**Prompt**
Among the entries below, the lines from the one with "최인호 주택도시보증공사(HUG) 사장이" up to and including the one with "走完竹林之道後,慢慢的走到渡" are to be restated exactly, without pictures.
┄┄┄┄┄┄┄┄┄┄
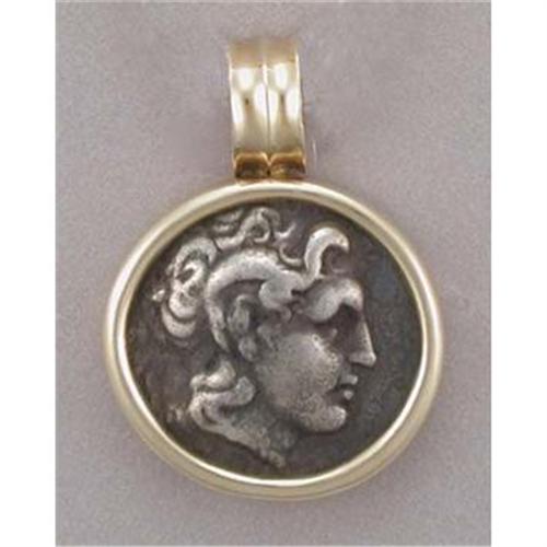 Beautiful and impressive! This Greek coin (Thrace) is a silver tetradrachm of approximately 28MM, made between 286-281 BC by one of Alexander the Great's successors, Lysimachos. The obverse, facing forward, depicts the head of the deified Alexander the Great, wearing the horn of Ammon (considered to be the most accurate depiction of Alexander's actual features)in beautiful high relief. The reverse shows a seated Athena Nikephoros.The coin is set in a modern 14K mounting. Its overall diameter in the mounting is 30MM in width and 40MM in height(including the bail) and is almost 5MM in depth. Includes a nice large but lightweight 24" chain. The whole piece weighs 38.3 grams, a large striking piece. Comes accompanied by a certificat of authenticity signed by David R. Sear, Professional Numismatist and author of Greek Coins and Their Values.
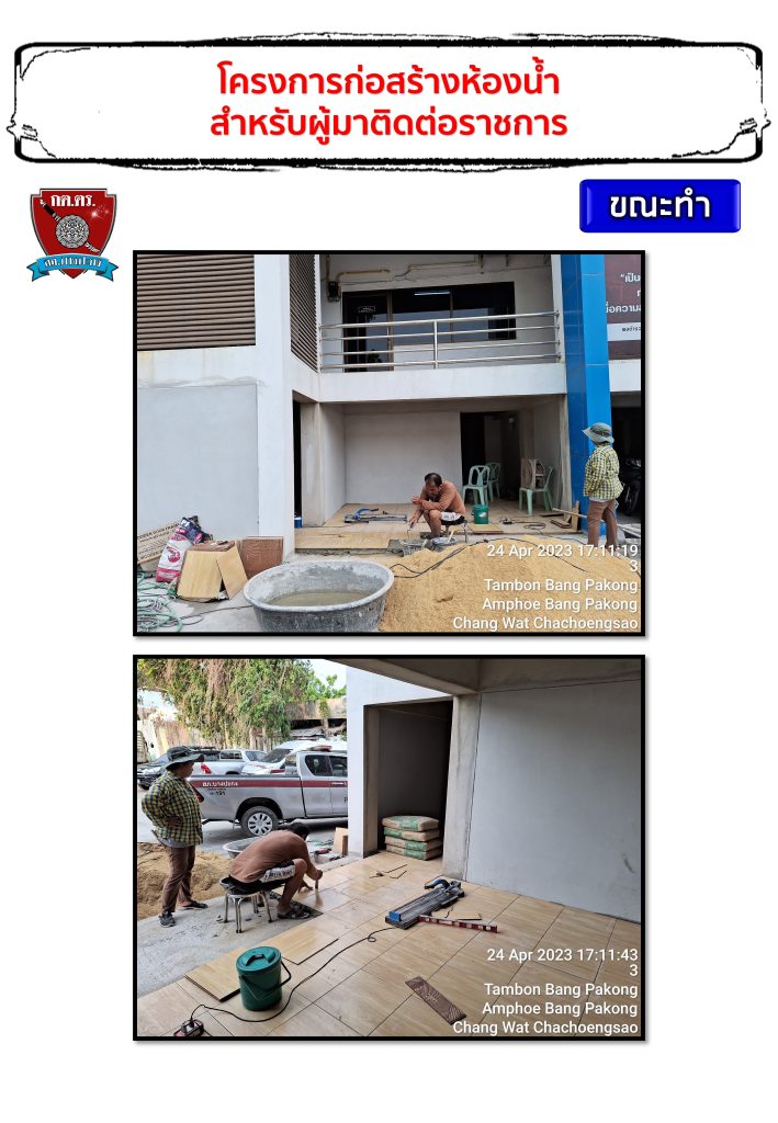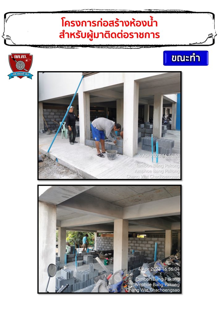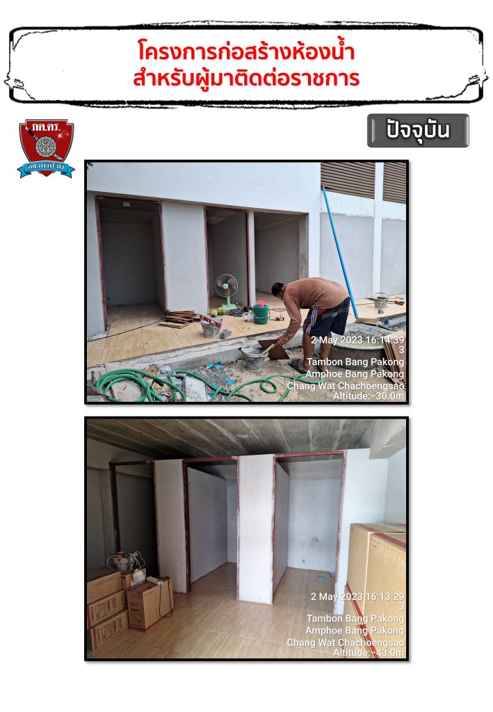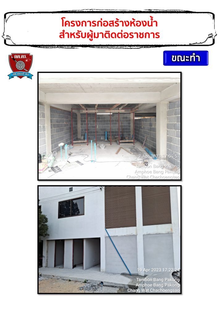โดยได้มีการมติในที่ประชุมให้จัดสร้างห้องน้ำสำหรับผู้มาติดตามราชการ เนื่องจากอาคารที่ทำการสถานีตำรวจภูธรบางปะกงหลังเก่าอยู่ระหว่างรื้อถอนและสร้างอาคารที่ทดการทดแทนใหม่ ผลการดำเนินการตามภาพที่ปรากฎด้านล่าง
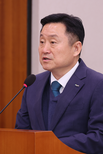 최인호 주택도시보증공사(HUG) 사장이 2월10일 서울 여의도 국회에서 열린 국토교통위원회 전체회의에서 인사말을 하고 있다.
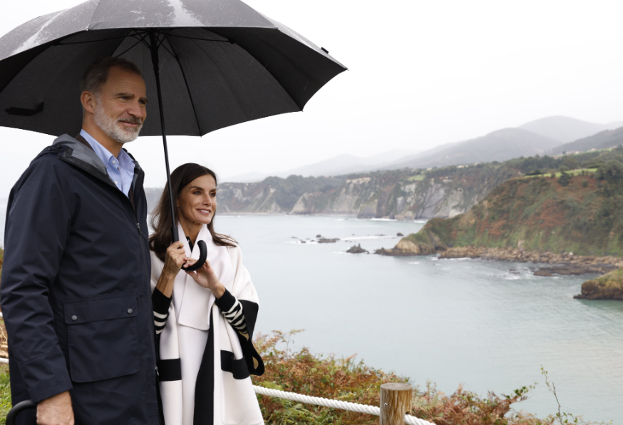 Sin embargo, cuando comenzó a refrescar y empezaron a caer algunas gotas de lluvia, los reyes tuvieron que ponerse ropa de abrigo y el outfit de la reina se llevó todas las miradas.
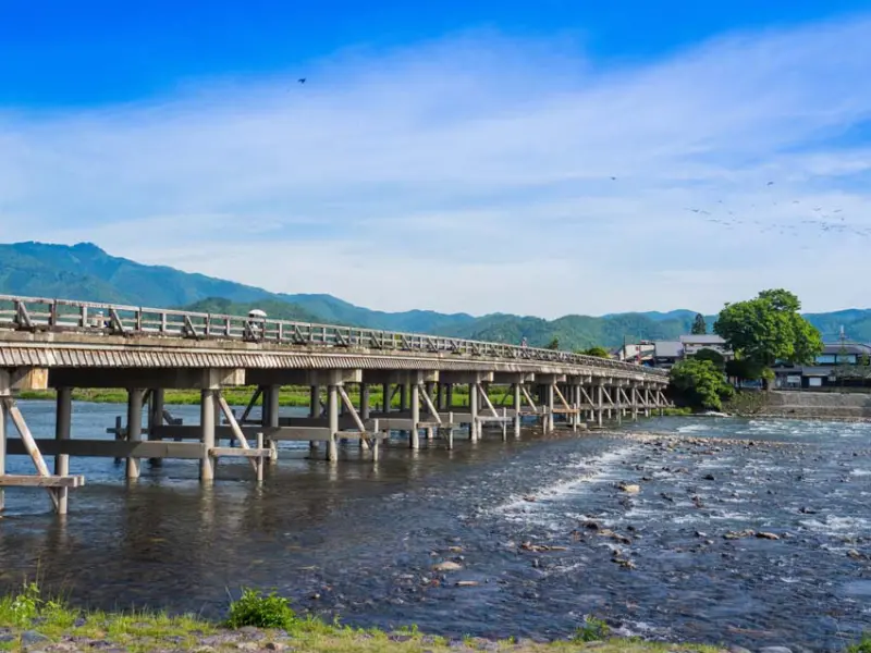 走完竹林之道後,慢慢的走到渡月橋吧!漫步河畔景色,感受古都風情。嵐山有許多值得造訪的知名景點,其中,也可以到別名「嵐橋」的渡月橋上面走走,橫跨在京都嵐山的大堰川上,全長155公尺,隨著四季更迭,展現應時的絕妙風光。
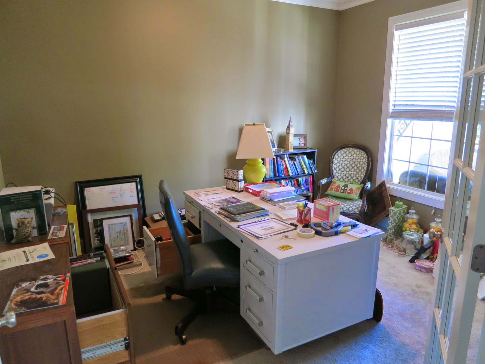 So much STUFF! Everywhere! I cleared it all out and only brought back in what I actually needed in the office. The dining room still looks pretty messy but that's for another day :)
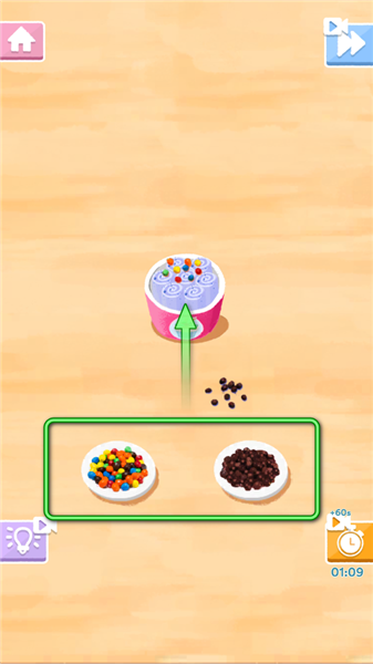 7.最后在食物表面点缀上相应配料,美食制作完成,成功通关。
┄┄┄┄┄┄┄┄┄┄
**Response to this task**
 최인호 주택도시보증공사(HUG) 사장이 2월10일 서울 여의도 국회에서 열린 국토교통위원회 전체회의에서 인사말을 하고 있다.
 Sin embargo, cuando comenzó a refrescar y empezaron a caer algunas gotas de lluvia, los reyes tuvieron que ponerse ropa de abrigo y el outfit de la reina se llevó todas las miradas.
 走完竹林之道後,慢慢的走到渡月橋吧!漫步河畔景色,感受古都風情。嵐山有許多值得造訪的知名景點,其中,也可以到別名「嵐橋」的渡月橋上面走走,橫跨在京都嵐山的大堰川上,全長155公尺,隨著四季更迭,展現應時的絕妙風光。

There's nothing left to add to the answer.